The Old Gray Stallion Ain't What He Used to Be

    The orthopedist thought he was reassuring me.  I had gone to him with a bump on my left shoulder, a small deformity that had only recently appeared.  On first seeing it in the hot tub my dear wife squealed, "What's that!"  That, the good doctor tells me, is old age.  He didn't say it quite like that.  What he said by way of diagnosis was, "It's an arthritic cist."  Ganglia gone bad. 

    I first blamed it on too many push-ups thrice weekly.  Then it dawned on me that it might be a late-appearing consequence of that fall in May outside the U. S. Law Tennis Association building in Flushing meadow, the night the Mets beat the Yankees.  That mishap did lacerate my temple and bruise my eyebrow. 

    But, no, I'm just growing older.  No sense in doing anything about the bump: lance it and it will return.  Best just to admit I'm seventy-five and shelve the vanity.  And be grateful the swelling is asymptomatic and merely unsightly.

    Coincidentally I've been reading Cervantes' Don Quixote again, in preparation for a Road Scholar class at Williams College next week.  The knight errant in an unchivalrous age sallied forth to right wrongs astride his inglorious mount, Rozinante.  The old sway-backed steed is described thus: "he had more corners than a rial" which, a footnote explains, "is a coin of very irregular shape... [because the horse's] bones stuck out like the corners of a Spanish rial." 

    Rozinante is my cousin in irregular corners. Waiting (interminably, it seemed) in the orthopedist's office I toted up the wounds suffered and bones broken or otherwise compromised during my own jousts on this journey from and toward eternity.  The two knees you know about, or should, since I have frequently bored you with accounts of my bilateral surgery, the half-century old injuries necessitating it and the miraculous consequences following it.  But I fear I  have insufficiently bored you with the details of: thrice torn ligaments in my right ankle, a busted right thumb, a green-stick fracture of the right wrist, and a a torn right bicep.

    It's a wonder I can still stand, let alone climb a ladder.  Naked I am shaped like a Spanish rial.  Like Rozinante.

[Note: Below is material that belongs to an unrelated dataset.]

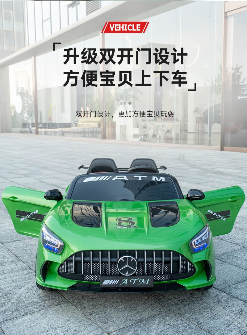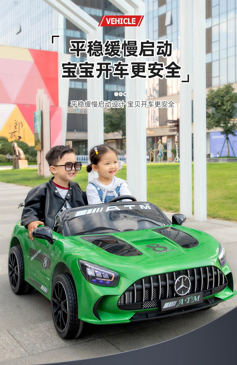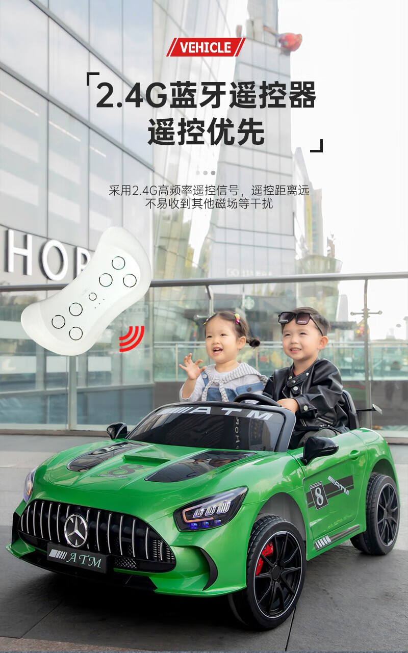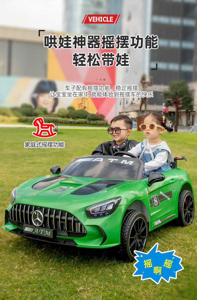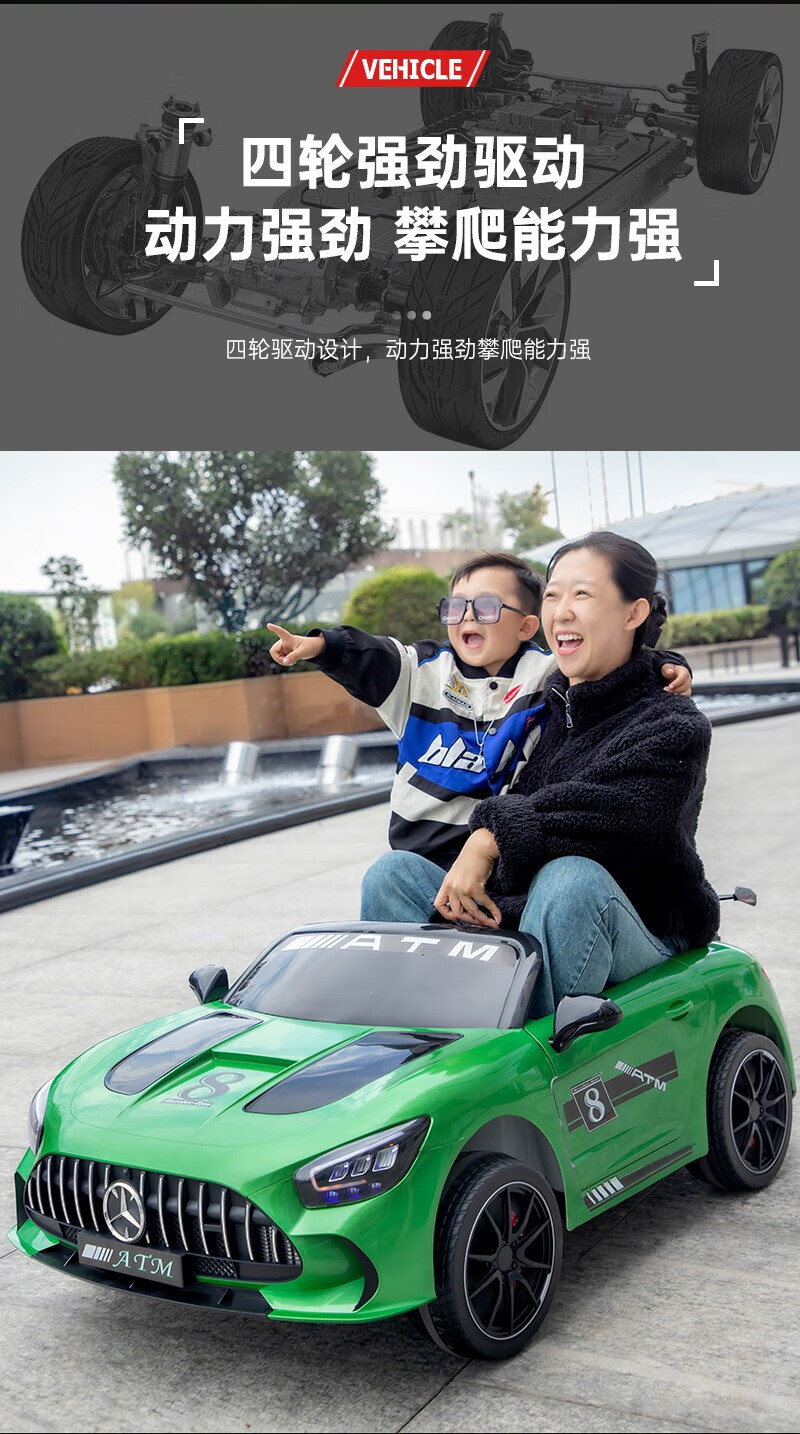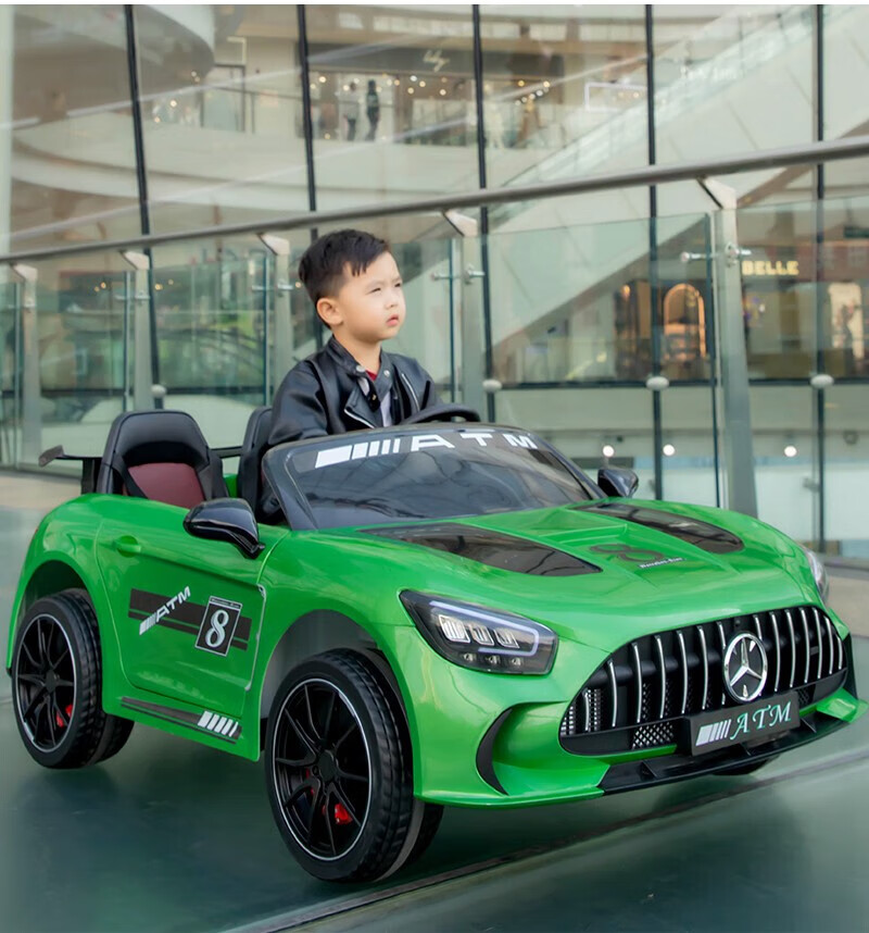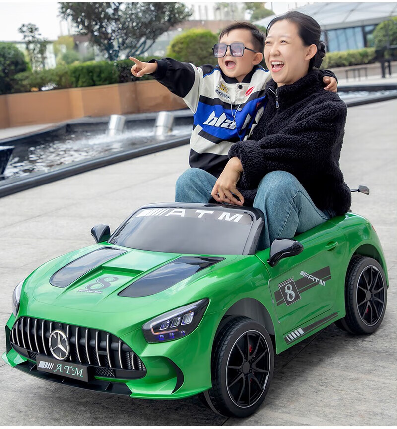 WORK BABY Mercedes-Benz children's electric car four-wheel remote control seating double toy stroller children's New Year's birthday gift, painted green, early music education, mobile phone Bluetooth swing, four-wheel drive 12V11 Chaowei battery, leather seat, foam wheel

    Years and years ago Cardinal Cushing (remember him?), JFK's Boston Irish spiritual advisor, likened himself to a beast of burden.  Right: a jackass.  I had no luck in a cursory search on Google for confirmation of the forthcoming anecdote, but it has the ring of truth considering the cardinal's fey sense of humor.  The occasion for the quote was probably Palm Sunday when Jesus' entry into Jerusalem is sometimes reenacted by dramatically-inclined Christians.  (Friend Austin Armitstead has participated in such events on the streets of Jackson Heights.)  Cushing drew a parallel between the first Palm Sunday and the observance in his moment, noting that both times the Lord arrived on a jackass, then on a donkey co-opted for the occasion, this time using an archbishop.  The observation was at once funny, humble, and accurate.

    And it's a notion truer to the Gospel vision of Jesus than most of the supercharged depictions of the Galilean, as if he were one of the horsemen of the Apocalypse and not (what he was... and is) the Son of man who had nowhere to lay his head. 

    When I stand in front of the mirror in all of my naked unglory, as I am occasioned to do thrice weekly at the gym following a shower, I shall henceforth take stock of my many-cornered, battered and beaten, swollen and scarred physique, smile, and whisper, "Ah, Rozinante," a tender reminder of my own fifty years of jackasshood for Jesus.